Gérer une visite de Bernard Kouchner, le ministre des Affaires étrangères, n'a rien d'une partie de plaisir. Le fondateur de Médecins sans frontières sait ce qu'il veut et se montre ferme sur les prix. Comme pour ce voyage de janvier 2008 en Afrique, où il compte enchaîner République démocratique du Congo (RDC), Rwanda et Burkina Faso. Le tout sur trois journées, du 25 au 27 janvier. [ ... ]
Au menu de Bernard Kouchner pour ce voyage en RDC, en guise d'entrée, une réunion au Centre culturel français. Il s'agit d'y présenter la coopération française dans le pays, en présence de quelques-uns des partenaires congolais des actions menées. Or, en raison des difficultés de circulation et du programme trop chargé, le ministre déboule en retard et déjà énervé à la réunion. Il prend cependant le temps de saluer chacune des vingt personnes avant de faire un bref discours. « Puis le conseiller culturel a démarré une présentation Powerpoint des axes de la coopération. C'était interminable et sa main tremblait à chaque changement de diapo ! Bernard Kouchner a commencé à soupirer ouvertement. Plus personne n'osait prendre la parole. » [témoignage d'un agent alors affecté à l'ambassade de France. NDLR.] Le ministre, entre deux soupirs, utilise son téléphone mobile ou échange quelques mots avec le directeur Afrique du Quai d'Orsay. Flairant le danger, l'ambassadeur vole au secours de son conseiller culturel en voie de noyade. Il tente désespérément d'attirer l'attention du ministre en haussant la voix. Mais Bernard Kouchner ne l'entend pas de cette oreille, ou plutôt l'entend trop bien.
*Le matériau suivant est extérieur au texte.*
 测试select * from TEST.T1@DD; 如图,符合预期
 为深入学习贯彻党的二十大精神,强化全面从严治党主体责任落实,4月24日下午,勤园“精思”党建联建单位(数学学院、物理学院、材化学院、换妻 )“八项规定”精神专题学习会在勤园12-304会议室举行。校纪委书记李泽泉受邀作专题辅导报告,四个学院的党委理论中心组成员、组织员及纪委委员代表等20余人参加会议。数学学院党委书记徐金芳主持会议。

Levant la tête, il interrompt le malheureux diplomate : « Monsieur l'ambassadeur, je ne suis pas venu jusqu'ici pour voir une présentation Powerpoint. J'ai un rendez-vous avec le président Kabila dans vingt minutes. Mes conseillers vont rester là ; mais moi, j'y vais. » Sur ce, le voilà qui se lève et disparaît.
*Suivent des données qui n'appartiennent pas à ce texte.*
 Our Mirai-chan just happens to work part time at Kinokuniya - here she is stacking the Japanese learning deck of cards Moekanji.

Le docteur Kouchner a beau avoir roulé sa bosse sur toute la planète, en déplacement à Goma, il témoigne parfois d'un coeur de midinette. Le ministre apprend que l'acteur américain George Clooney se trouve également « en ville » ... Depuis peu « Messager de la paix » des Nations unies, le docteur Ross de la série télévisée Urgences, star engagée, effectue incognito une tournée en Afrique et en Inde qui passe par la RDC. A cette annonce, Bernard Kouchner ne tient plus en place. Entre médecins sans frontières (mais l'un télévisé seulement), il veut absolument rencontrer George Clooney, lequel attend un avion dans un salon de l'aéroport de Goma. La suite se déroule comme dans un film. Le French Doctor pousse la porte du salon et interpelle le comédien : « When a famous Hollywood star meets a famous politician star ! » Une accolade suit, avec un George Clooney quelque peu interloqué par ce visiteur imprévu qu'il ne semble pas complètement remettre... Commentaire de notre témoin : « Bernard Kouchner disait haut et fort qu'il voulait que cette rencontre se fasse en privé, mais il n'aurait pas dit non à une petite photo ! » Avec ou sans sac de riz, comme en Somalie, l'histoire ne le dit pas...

 

Notre avis

Le Quai d'Orsay sous toutes ses coutures, y compris les moins reluisantes. Le livre de Franck Renaud, ancien journaliste à Ouest-France, aujourd'hui formateur en Asie, nous plonge dans les arcanes méconnues des Affaires étrangères. L'auteur y décrit le peuple du Quai et cette aristocratie d'Etat que sont les ambassadeurs, s'attardant surtout sur leurs travers : les passe-droits et les réseaux (dont celui des homosexuels, dit le Gay d'Orsay), le machisme, l'exploitation du petit personnel local, la corruption, ou encore les vols de porcelaines de Sèvres. L'auteur s'aventure aussi sur des thèmes plus « secrets », comme la privatisation des services des visas, les jeux d'espionnage à l'ambassade de Pékin, et même des affaires de pédophilie. L'angle est séduisant, le ton modéré mais sans complaisance, et l'enquête sérieuse, avec un effort louable de précision des sources. Certains chapitres manquent toutefois d'anecdotes et citent abondamment des rapports. D'où quelques longueurs.